Silkworth and others were then prosecuted by McCoy. After Silkworth and seven others were indicted in late May 1924 for connection with the bankruptcy of Raynor, Nicholas & Truesdell, Silkworth pleaded not guilty on May 29, 1924 while held on $8,500 on bail. Trial was set for August. On November 29, 1924, Silkworth was convicted of the fraudulent use of mails in bucketing operations, as well as five others also found guilty of bucketing.
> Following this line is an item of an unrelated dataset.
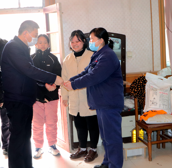 匡总与困难职工亲切交谈,详细询问其生活情况,鼓励她保持乐观心态,并送上慰问品和慰问金,致以节日的祝福和问候,切实把组织的温暖和爱心送到困难职工的心坎上。(神特宣)

In particular, Silkworth was convicted of mail fraud relating to his brokerage and the brokerage house of Raynor, Nicholas and Truesdell in 1922. During the appeal process, McCoy gave testimony before the Circuit Court of Appeals that Raynor, Nicholas & Truesdell had engaged in extensive bucketing operations since its founding late 1920. McCoy further testified that Silkworth had provided the firm's bucketing operations with the protection of Consolidated. The Judge ruled against the motion raised by defendants, which was that bucketing did not have a Federal statute against it at the time, and ruled in favor of McCoy on February 1, 1926 with the November conviction upheld. Silkworth served three months of a year sentence in 1926, with other brokers also serving time.

===1925-1950s: Later cases and run for office===
According to the New York Times, McCoy prosecuted many people who were accused of violating the Food and Drug Acts, selling narcotics, and counterfeiting. McCoy also prosecuted those indicted in the Crager System, or "glass casket case," for "fraudulently using the mails in the sale of stock of the concern." He resigned as assistant United States Attorney in 1925. A month later, McCoy was appointed an assistant United States Attorney General.

McCoy became a member of the law firm Ferris, Shepard, Joyce & McCoy in 1926. The General Electric Company, General Vehicle Corporation, Commonwealth Edison Corporation and the Insull public utilities had all employed him as a member of counsel. He was a Republican – Fusion candidate for Justice of the Supreme Court, First Judicial District in 1929, and was unsuccessful in his bid. In 1930 he began representing large realty companies as both a director and as an attorney. The tenants of the Marguery Hotel hired him in 1947 as their attorney.

==Personal life==
McCoy was a governor of the New York Athletic Club and the National Republican Club. He was also a member of the Artists and Writers Club, Columbia Club, Friendly Sons of St. Patrick, Westchester Country Club, and the Old Guard Society of Palm Beach. At the time of his death in Lawrence Hospital on July 18, 1958, he was living at 811 Palmer Road in New York City. His widow was Grace McCoy.